▶ [Problem to solve]
All entries should be copied exactly; the pictures stay out.

Recorded data
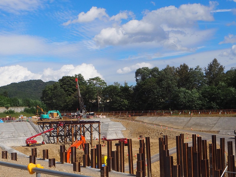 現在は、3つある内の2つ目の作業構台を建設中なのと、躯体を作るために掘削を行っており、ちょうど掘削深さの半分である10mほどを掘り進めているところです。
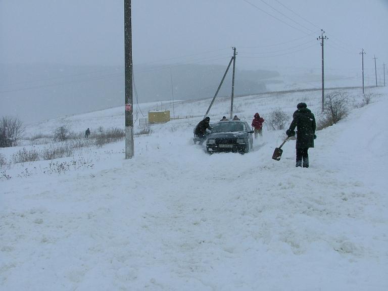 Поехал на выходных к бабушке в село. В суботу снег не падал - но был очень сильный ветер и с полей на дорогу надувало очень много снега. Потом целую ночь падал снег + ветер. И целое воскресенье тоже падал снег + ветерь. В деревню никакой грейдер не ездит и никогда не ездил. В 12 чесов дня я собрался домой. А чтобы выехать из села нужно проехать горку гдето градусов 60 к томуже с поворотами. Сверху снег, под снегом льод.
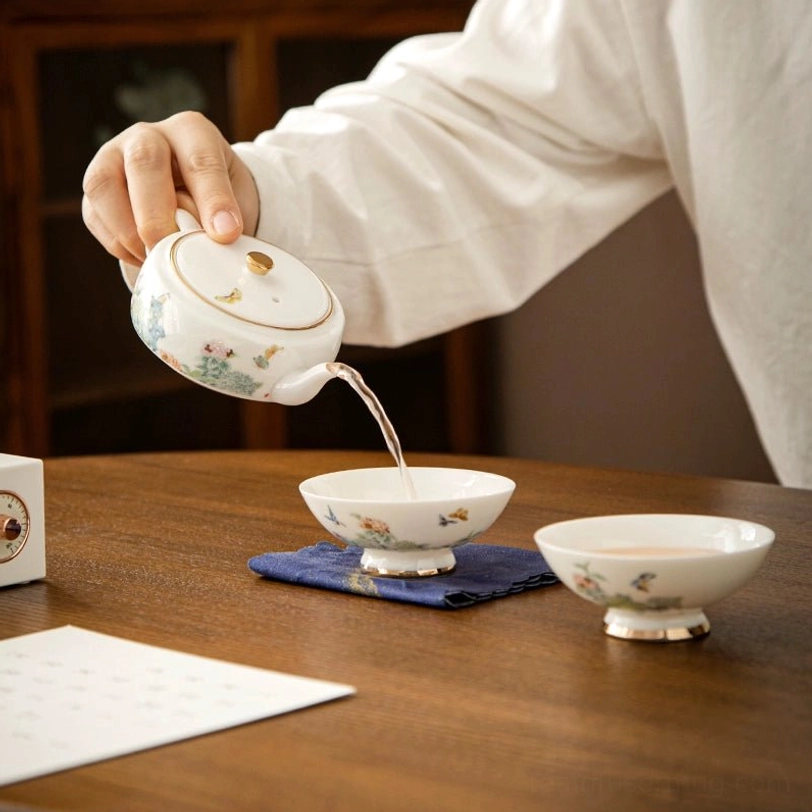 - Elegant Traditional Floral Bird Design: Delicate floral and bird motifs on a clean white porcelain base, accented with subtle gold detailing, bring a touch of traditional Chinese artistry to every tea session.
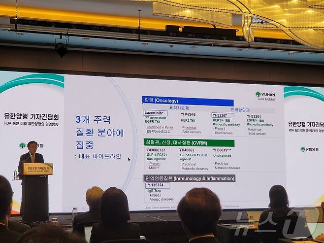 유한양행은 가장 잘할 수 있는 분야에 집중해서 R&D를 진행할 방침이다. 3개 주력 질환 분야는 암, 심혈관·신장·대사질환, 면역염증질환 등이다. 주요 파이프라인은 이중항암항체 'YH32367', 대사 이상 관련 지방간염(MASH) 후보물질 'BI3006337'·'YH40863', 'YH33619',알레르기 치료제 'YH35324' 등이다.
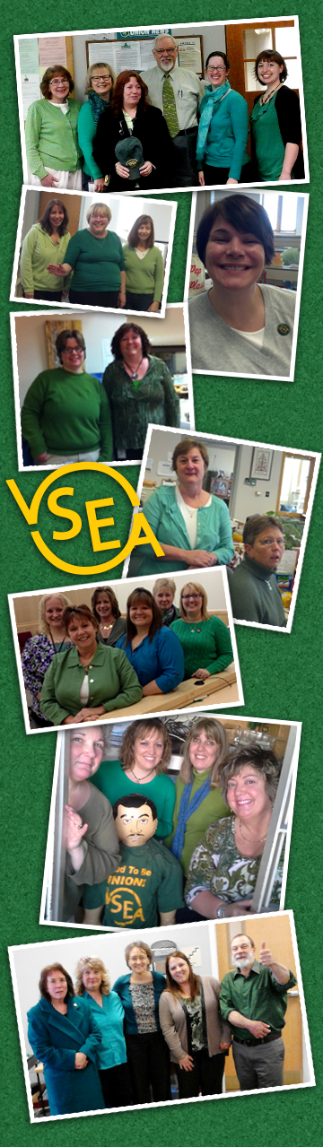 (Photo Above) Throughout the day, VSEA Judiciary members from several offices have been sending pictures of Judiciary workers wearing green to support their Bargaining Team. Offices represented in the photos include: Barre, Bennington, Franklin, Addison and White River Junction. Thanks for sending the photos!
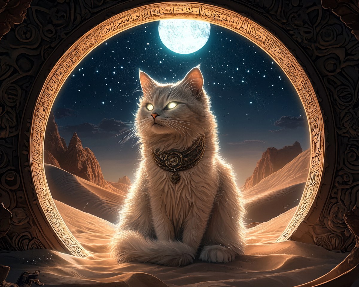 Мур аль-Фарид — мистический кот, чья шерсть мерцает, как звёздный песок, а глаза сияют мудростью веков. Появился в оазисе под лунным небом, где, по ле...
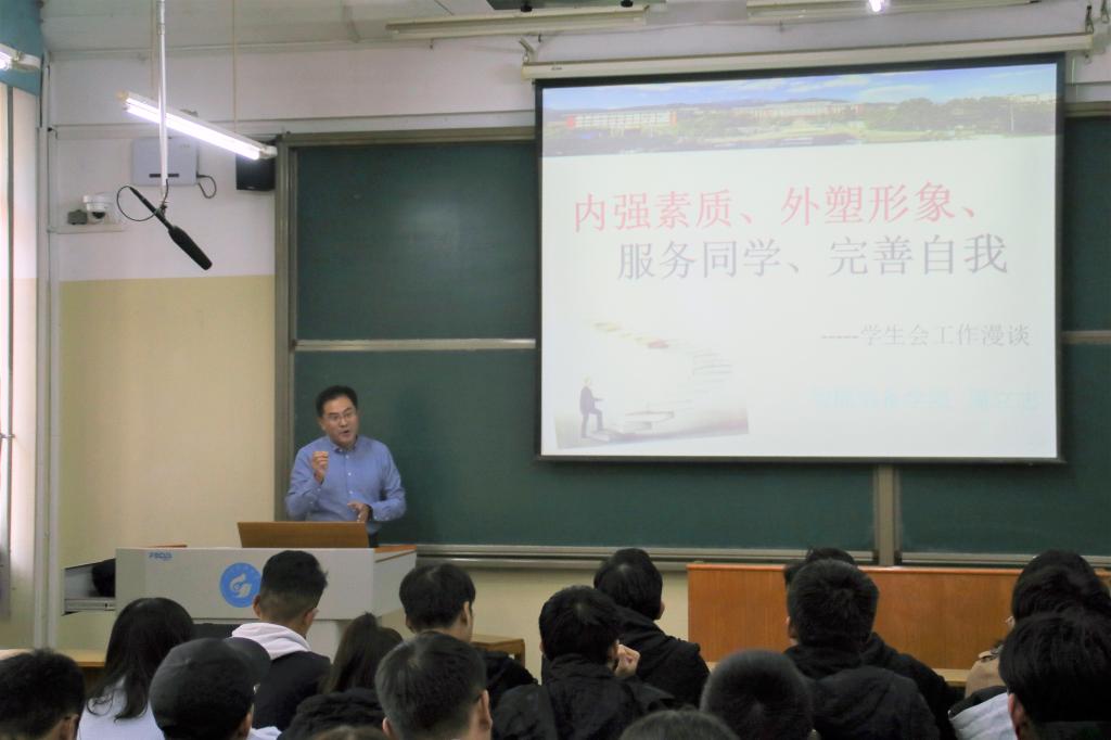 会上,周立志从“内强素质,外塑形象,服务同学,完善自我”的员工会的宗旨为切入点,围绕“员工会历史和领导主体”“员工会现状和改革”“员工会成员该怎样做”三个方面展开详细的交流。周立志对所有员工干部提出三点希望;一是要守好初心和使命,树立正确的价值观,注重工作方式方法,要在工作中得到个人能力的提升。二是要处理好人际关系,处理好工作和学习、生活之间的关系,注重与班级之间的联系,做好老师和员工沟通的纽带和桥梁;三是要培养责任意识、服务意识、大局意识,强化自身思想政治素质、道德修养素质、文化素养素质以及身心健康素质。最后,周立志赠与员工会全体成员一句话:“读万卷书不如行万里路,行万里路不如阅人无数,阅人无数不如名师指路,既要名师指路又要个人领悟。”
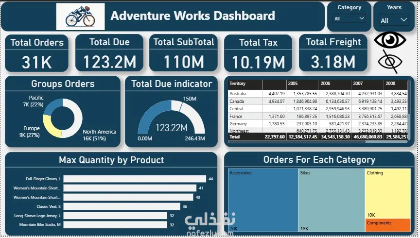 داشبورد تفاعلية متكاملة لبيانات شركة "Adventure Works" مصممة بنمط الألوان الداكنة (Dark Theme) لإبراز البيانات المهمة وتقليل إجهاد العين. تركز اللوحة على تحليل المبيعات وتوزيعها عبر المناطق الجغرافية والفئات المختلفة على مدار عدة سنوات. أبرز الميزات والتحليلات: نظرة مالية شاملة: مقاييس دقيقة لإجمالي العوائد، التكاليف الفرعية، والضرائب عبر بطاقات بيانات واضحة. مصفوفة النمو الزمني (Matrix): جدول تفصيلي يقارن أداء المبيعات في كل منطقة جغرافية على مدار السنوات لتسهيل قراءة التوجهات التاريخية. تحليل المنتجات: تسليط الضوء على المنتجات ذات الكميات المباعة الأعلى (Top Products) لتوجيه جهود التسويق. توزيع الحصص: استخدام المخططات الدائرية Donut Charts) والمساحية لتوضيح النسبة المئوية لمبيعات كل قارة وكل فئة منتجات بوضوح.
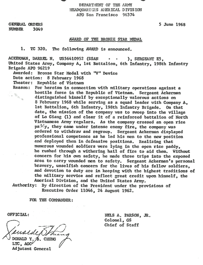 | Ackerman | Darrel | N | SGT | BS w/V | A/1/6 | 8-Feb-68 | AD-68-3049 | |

▶ [Completed task]
 現在は、3つある内の2つ目の作業構台を建設中なのと、躯体を作るために掘削を行っており、ちょうど掘削深さの半分である10mほどを掘り進めているところです。
 Поехал на выходных к бабушке в село. В суботу снег не падал - но был очень сильный ветер и с полей на дорогу надувало очень много снега. Потом целую ночь падал снег + ветер. И целое воскресенье тоже падал снег + ветерь. В деревню никакой грейдер не ездит и никогда не ездил. В 12 чесов дня я собрался домой. А чтобы выехать из села нужно проехать горку гдето градусов 60 к томуже с поворотами. Сверху снег, под снегом льод.
 - Elegant Traditional Floral Bird Design: Delicate floral and bird motifs on a clean white porcelain base, accented with subtle gold detailing, bring a touch of traditional Chinese artistry to every tea session.
 유한양행은 가장 잘할 수 있는 분야에 집중해서 R&D를 진행할 방침이다. 3개 주력 질환 분야는 암, 심혈관·신장·대사질환, 면역염증질환 등이다. 주요 파이프라인은 이중항암항체 'YH32367', 대사 이상 관련 지방간염(MASH) 후보물질 'BI3006337'·'YH40863', 'YH33619',알레르기 치료제 'YH35324' 등이다.
 (Photo Above) Throughout the day, VSEA Judiciary members from several offices have been sending pictures of Judiciary workers wearing green to support their Bargaining Team. Offices represented in the photos include: Barre, Bennington, Franklin, Addison and White River Junction. Thanks for sending the photos!
 Мур аль-Фарид — мистический кот, чья шерсть мерцает, как звёздный песок, а глаза сияют мудростью веков. Появился в оазисе под лунным небом, где, по ле...
 会上,周立志从“内强素质,外塑形象,服务同学,完善自我”的员工会的宗旨为切入点,围绕“员工会历史和领导主体”“员工会现状和改革”“员工会成员该怎样做”三个方面展开详细的交流。周立志对所有员工干部提出三点希望;一是要守好初心和使命,树立正确的价值观,注重工作方式方法,要在工作中得到个人能力的提升。二是要处理好人际关系,处理好工作和学习、生活之间的关系,注重与班级之间的联系,做好老师和员工沟通的纽带和桥梁;三是要培养责任意识、服务意识、大局意识,强化自身思想政治素质、道德修养素质、文化素养素质以及身心健康素质。最后,周立志赠与员工会全体成员一句话:“读万卷书不如行万里路,行万里路不如阅人无数,阅人无数不如名师指路,既要名师指路又要个人领悟。”
 داشبورد تفاعلية متكاملة لبيانات شركة "Adventure Works" مصممة بنمط الألوان الداكنة (Dark Theme) لإبراز البيانات المهمة وتقليل إجهاد العين. تركز اللوحة على تحليل المبيعات وتوزيعها عبر المناطق الجغرافية والفئات المختلفة على مدار عدة سنوات. أبرز الميزات والتحليلات: نظرة مالية شاملة: مقاييس دقيقة لإجمالي العوائد، التكاليف الفرعية، والضرائب عبر بطاقات بيانات واضحة. مصفوفة النمو الزمني (Matrix): جدول تفصيلي يقارن أداء المبيعات في كل منطقة جغرافية على مدار السنوات لتسهيل قراءة التوجهات التاريخية. تحليل المنتجات: تسليط الضوء على المنتجات ذات الكميات المباعة الأعلى (Top Products) لتوجيه جهود التسويق. توزيع الحصص: استخدام المخططات الدائرية Donut Charts) والمساحية لتوضيح النسبة المئوية لمبيعات كل قارة وكل فئة منتجات بوضوح.
 | Ackerman | Darrel | N | SGT | BS w/V | A/1/6 | 8-Feb-68 | AD-68-3049 | |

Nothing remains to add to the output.